Göran R Buckhorn writes:
The first film on rowing is the black & white, silent documentary The Oxford and Cambridge University Boat Race, filmed on 30 March 1895 and directed and produced by Birt Acres.
The 1927 College, with comedian Buster Keaton, has been regarded for a long time as the first ‘fictional’ movie with rowing in the plot, at least of those films that have survived and are still available for us to watch today (you will find the full movie here). Read what HTBS has written about College on 21 October 2010 and 1 February 2014.
The wonderful British website “The World of Rabbit”, which has not been updated since April 2008 (when it comes to movies), has an early Hollywood movie mentioned on their list of rowing films and movies, The Young Rajah, though without a release date, while on Row2K list of rowing films and movies from February 2005, it is Keaton’s College that starts the list. This is not in any way strange as the 1922 The Young Rajah, staring Rodolfo Alfonso Raffaello Pierre Filibert Guglielmi di Valentina d’Antonguolla, better known as Rudolph Valentino (1895 – 1926), in the leading role as Harvard student Amos Judd, was regarded as lost during most of the twentieth century until Tuner Classic Movies aired the movie in May 2006.
Wikipedia writes about the movie:
The movie was assembled from poor-quality film clips and still photos, with additional title screens being added to bridge the gaps in the storyline. In addition, some intertitles were taken from a Spanish-language edition, and these were translated and replaced with new title screens.

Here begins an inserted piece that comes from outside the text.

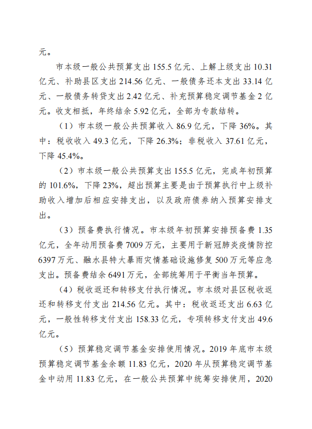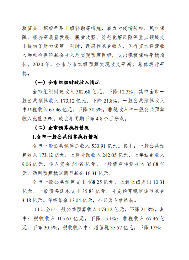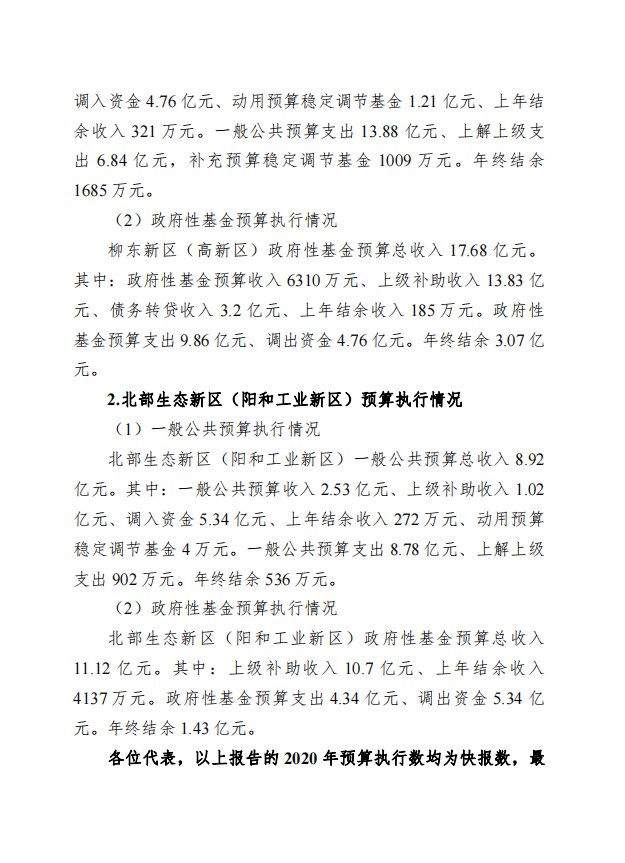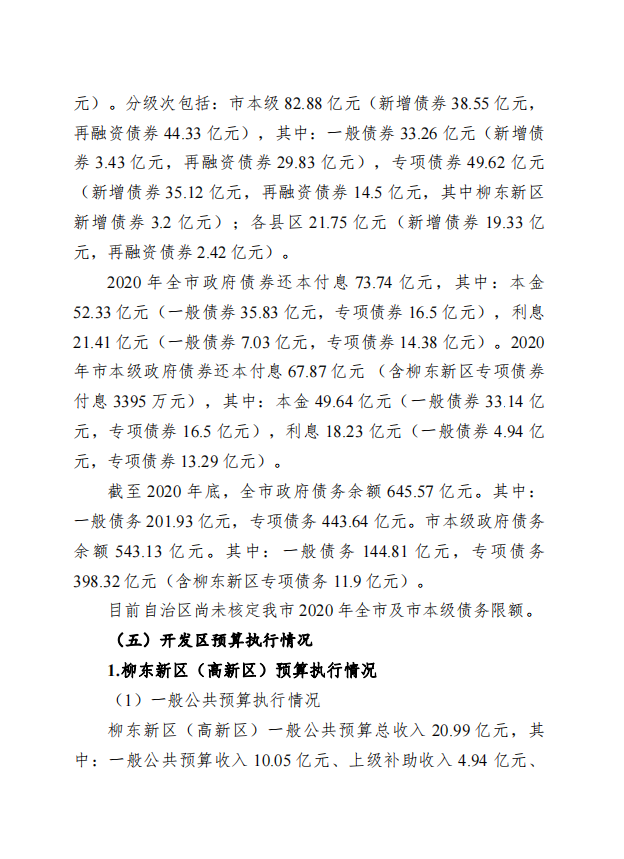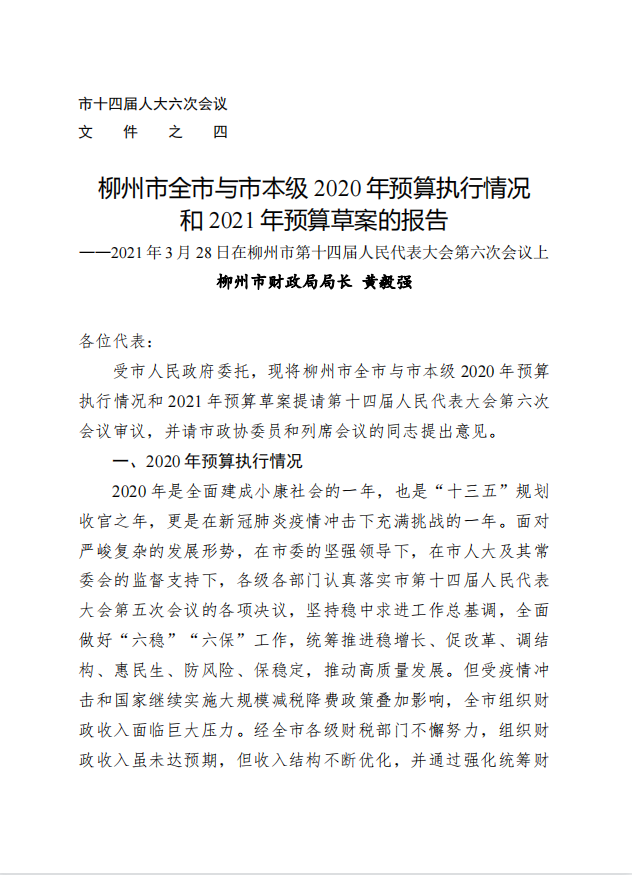 柳州市全市与本级2020年预算执行情况和2021年预算草案的报告
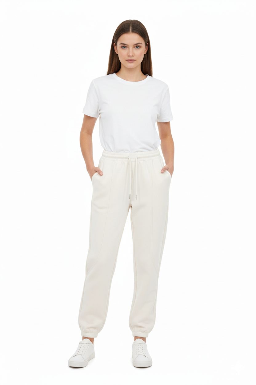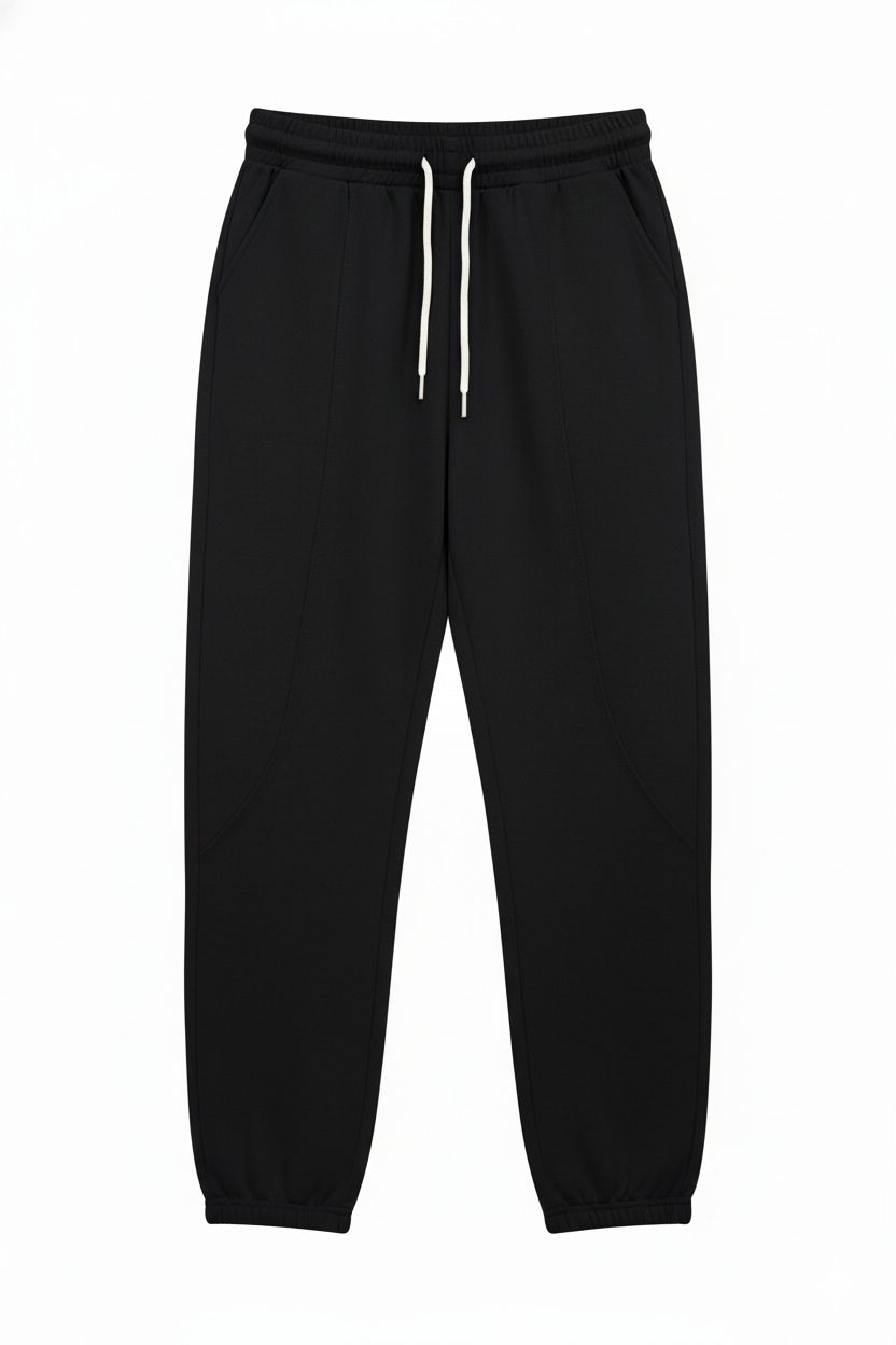 Este pantalón jogger, confeccionado con un tejido suave, ofrece un diseño holgado que brinda la máxima libertad de movimiento y un estilo contemporáneo. Presenta una cintura elástica ajustable con cordón y perneras que terminan en puños elásticos, proporcionando un ajuste cómodo y moderno. Sus detalles de costura a lo largo de las piernas realzan su estructura, mientras que los bolsillos laterales son funcionales y discretos. Es una prenda versátil, perfecta para un look casual y relajado en cualquier ocasión.

Regarding the plot, as far as it goes with the rowing scenes, Wikipedia remarks:
After fifteen years, Joshua Judd tells his adopted son, Amos, that his real father was an Indian maharajah overthrown by Ali Khan. Amos, then a young boy, was rescued by General Devi Das Gadi and taken to America for his safety. (Joshua’s merchant brother had been a trusted friend of the late maharajah.)
Amos attends Harvard University. There he incurs the hatred of Austin Slade, Jr., whom he beats out for a spot on the rowing team. At a party celebrating a rowing victory over arch-rival Yale, a jealous Slade calls Amos ‘yellow’ and pours a drink on him, causing Amos to punch him. Slade grabs a chair as a weapon, but Amos ducks, and Slade falls through an open window to his death. Amos is cleared of all wrongdoing…

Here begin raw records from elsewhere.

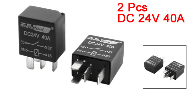 Product Name Relay Coil Rating DC 24V 40A Contact Materia Metal Type SPST, 1NO Pin Quantities 4 Overall Size (Pins not Included ) 25 x 23 x 16mm/1" x 0.9" x 0.63"(L*W*H) Shell Material Plastic Net Weight 42g Package Content 2 x Relay - Reviews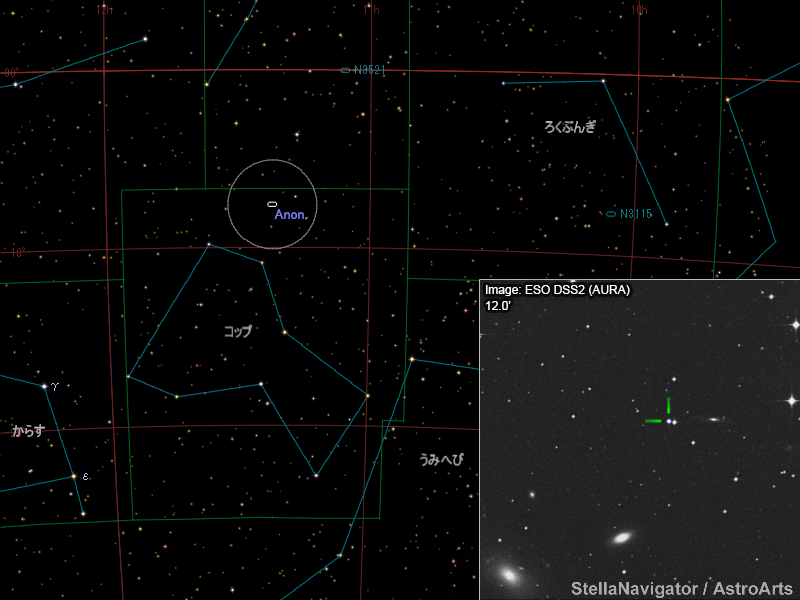 山形県の板垣公一さんが2月17日18時26分ごろ(世界時。日本時では18日3時26分ごろ)、コップ座の方向に16.9等の新天体を発見した。天体の位置は以下のとおり。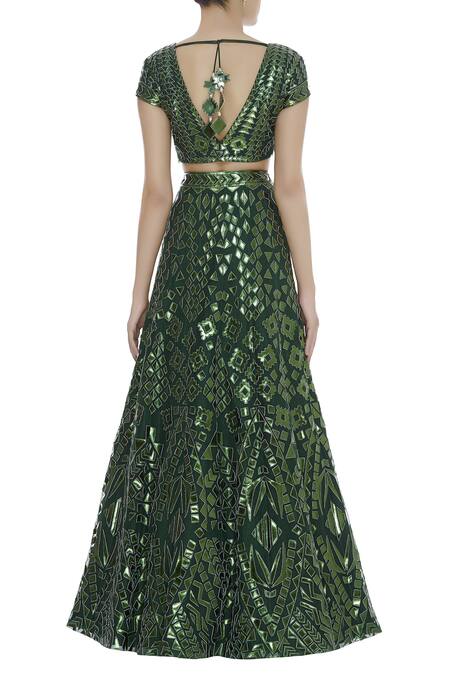 Green Applique Leather Embroidered Lehenga Set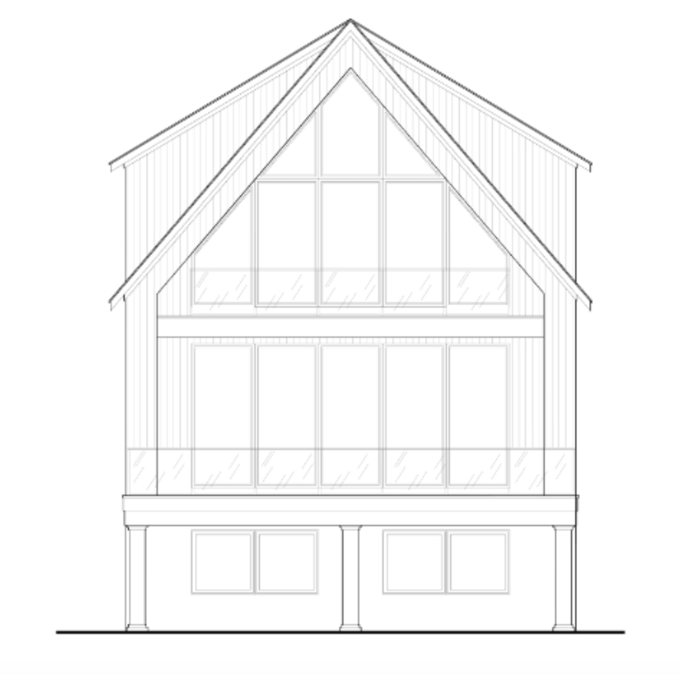 this elevation will face lake minocqua in wisconsin the house is on a wooded lot with a viewing corridor to the lake with a dock the house will be clad in vertical wood siding in a natural cedar color there is a 75 set back from the lake to the house show a deck on the first floor and a 4 cantilevered balcony on the 2nd floor there will be a couch and outdoor furniture on the deck show a patio at grade with a grass lawn the topography of the site drops towards to water with steps down to the dock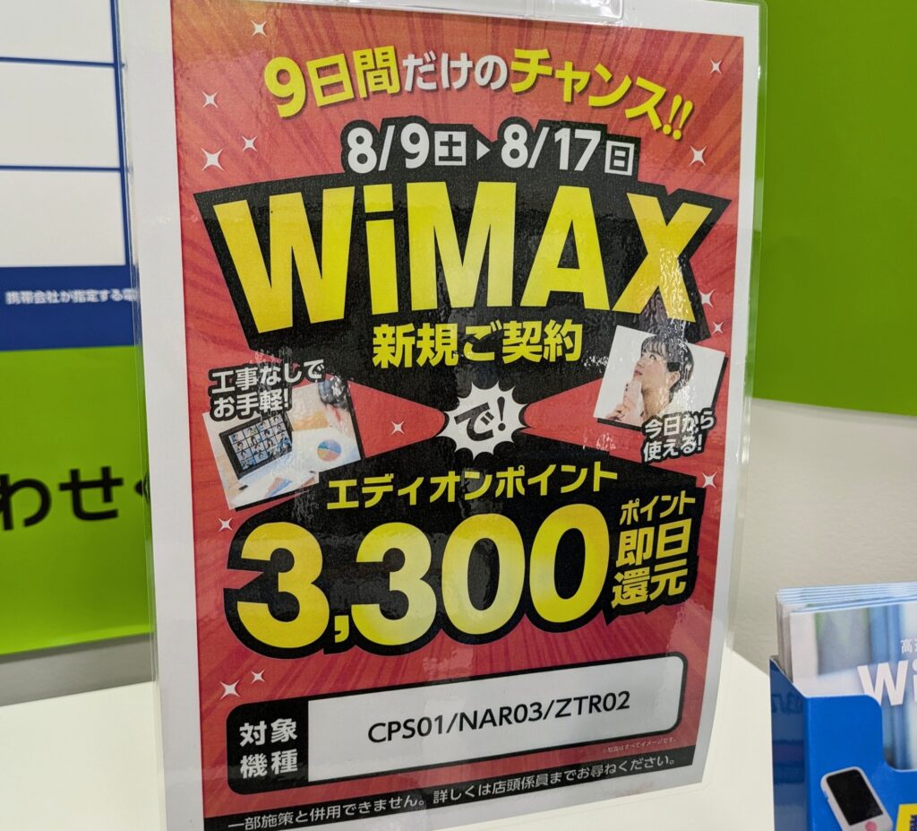 エディオンではWiMAX新規契約で3,300ポイント追加還元となっています。8/17(日)まで。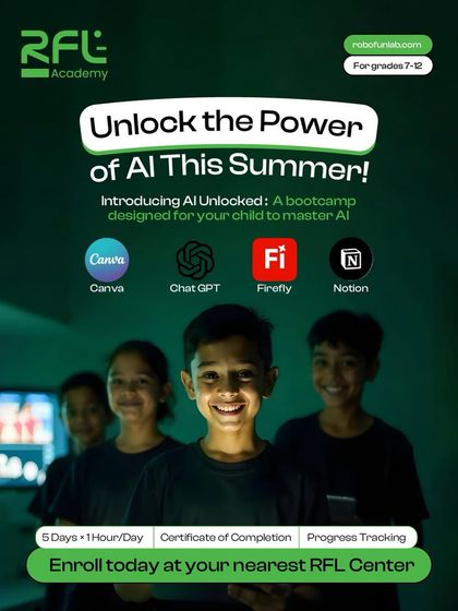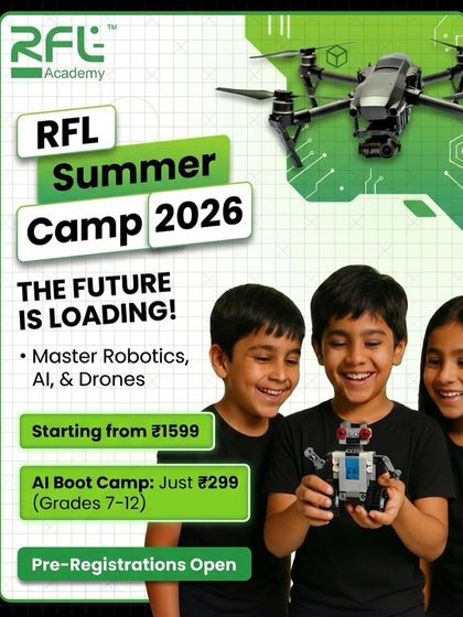 Available across RFL Academy Ahmedabad - Satellite Robotics | Coding | IoT | AI for Students of Grades 1 to 12.

(To read the full description of the movie on Wikipedia, click here.)
As a matter of fact, on 23 August 2013 a couple of minutes of the movie – luckily for us, the rowing scenes – were posted on YouTube, showing, as is mentioned above, both rolling film clips and still photos. Amos Judd’s shirtless Harvard crew, with Amos as stroke, beat Yale, and after passing the finish line, Amos can wave to his female fans and give them one of his seductive smiles. The following title card wrap up two of Valentino’s many attributes: ‘Mr. Judd has such wonderful muscles and such magnetic and soulful eyes!’
Watch the film clip below:
You will find the full movie here.
The movie did not receive any favourable reviews. On 23 February 1923 the Motion Picture Magazine wrote:
Rodolph [sic] Valentino also came to the screen again this month. After witnessing “The Young Rajah,” in which he is starred, we begin to understand many things, principally among them why Mr. Valentino desired to select his own casts.

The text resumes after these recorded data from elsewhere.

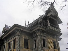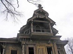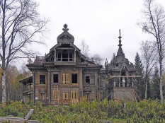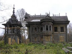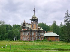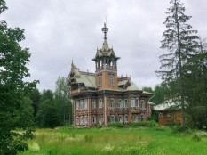 Один из двух сохранившихся «лесных теремов», построен по проекту И.Ропета (очень близок к проекту павильона на Парижской выставке). Вещь уникальная, тем более, что ропетовской деревяни почти не сохранилось. Этот дом был уже готов пополнить собою список утраченных шедевров (деревня брошена, путных дорог нет…), но, к счастью, нашлись энтузиасты, которые подставили ему плечо. В настоящий момент работы разворачиваются, для полноты впечатлений надо, наверное, приехать через пару-тройку лет.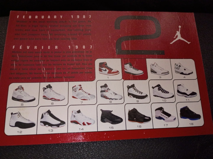 Collectible postcard featuring Air Jordan II imagery. Shows various Air Jordan models. February 1987 date. Great for sneakerheads or collectors.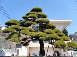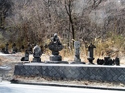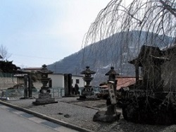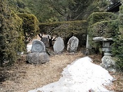 途中、万休院の舞鶴松への案内標識があるが、数年前に枯れてしまって伐採されたと聞いている。観光案内などの写真で見ると、樹齢450年の素晴らしい形の松だったのだが、温暖化の影響でマツクイムシの被害が及んだらしい。残念だが万休院はパスし、万休院東口の石塔群前を通って先に進む。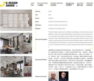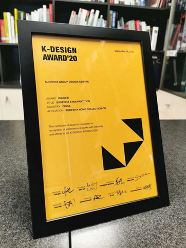 从2020年6月参赛到7月获奖,再到10月拿到获奖证书,历经近4个月的时间,索菲亚星隔断产品从全球21个国家2199件作品中脱颖而出,成为K-DESIGN(韩国设计奖)2020年度大赛中全球10%的获奖者之一。索菲亚一直坚持着“设计引领全球”的设计宗旨,索菲亚的产品设计也正慢慢被国际上越来越多有含金量、有权威性的国际设计奖项所看见,收获了诸多国际上的认可。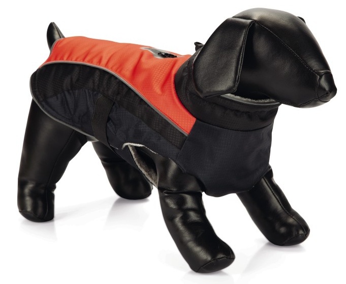 Geaca este confecționată din material rezistent la apă. Este dotată cu o bandă reflectoare, iar pe spate este prevăzută cu un fermoar pentru lesă care se agață de guler sau ham. Geaca este prevăzută cu o căptușeală moale în interior și elastice reglabile pentru picioarele din spate.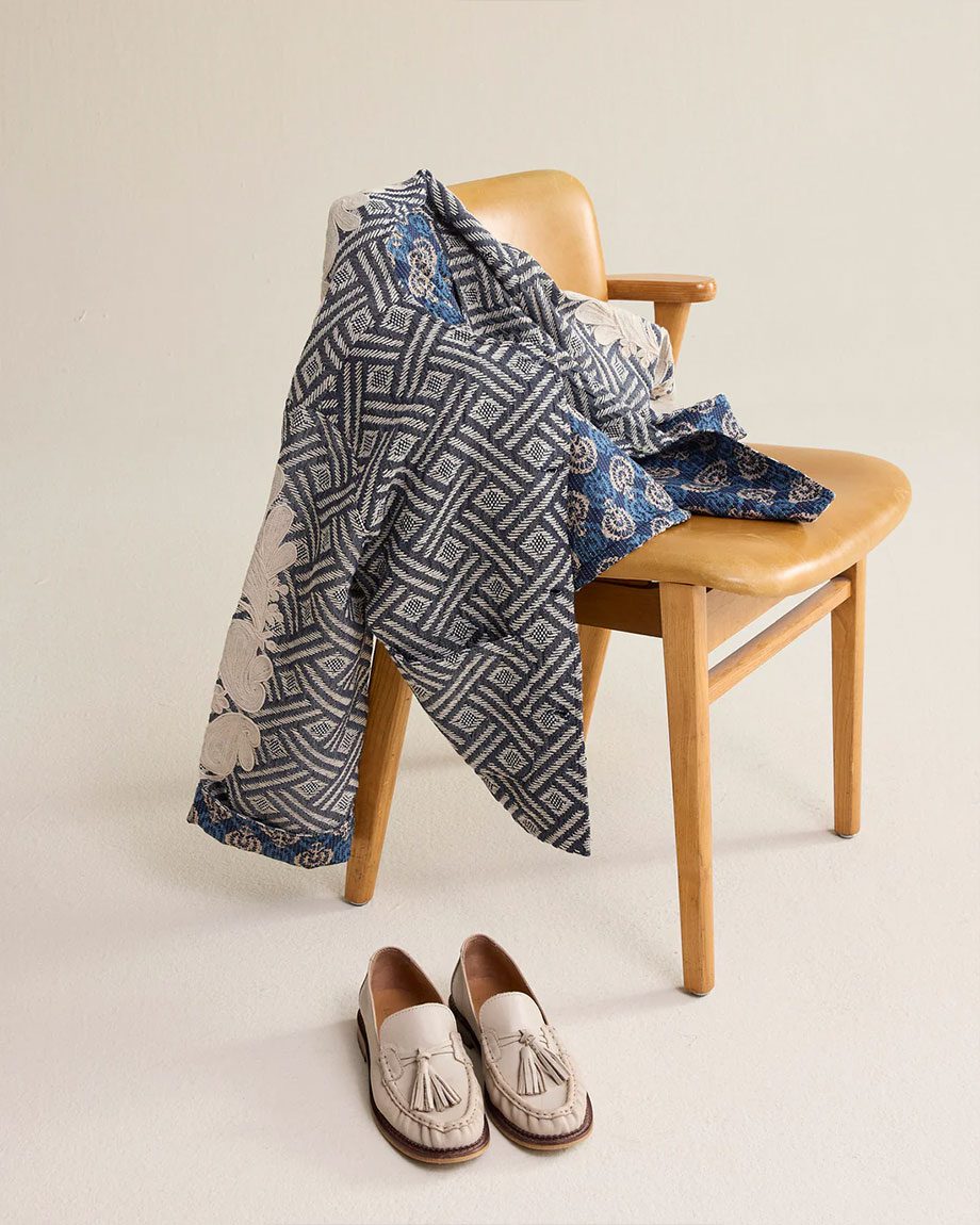 • Reversible design: jacquard and block print

And if it wasn’t that we remembered from our nursery days that “Two wrongs do not make a right,” we would be sorely tempted to applaud Rodolph Valentino for refusing to continue with his contract. At any rate, while we may still disapprove of him ethically, we sympathize with him emotionally. All of which has probably led you to believe that this is a pretty bad picture. It is. It is about as artistic and as satisfying as a cheap serial. As a matter of fact, it is the concentrated essence of those things which have composed serials since time immemorial.
“The Young Rajah” is based on the novel, Amos Judd. It tells of Amos who has been reared in a provincial American town. Then there is the Far East with its rajahs and its maharajahs. Amos really belongs to the East. Furthermore, he belongs to a line of its rulers, and he has inherited the sixth sense bestowed by one of the Indian gods upon the sons of this noble family. It is this sixth sense which serves him well when the usurpers of this kingdom learn of his existence in America and threaten his life.
Even The Valentino is somewhat submerged in the mediocrity of this production. Of the supporting cast Charles Ogle is the one member who stands forth with any degree of effectiveness.
Read also Professor Babli Sinha’s take on The Young Rajah here.
*In the image from the The Young Rajah on top, it seems Valentino has what is known among rowers as a “Rummel”.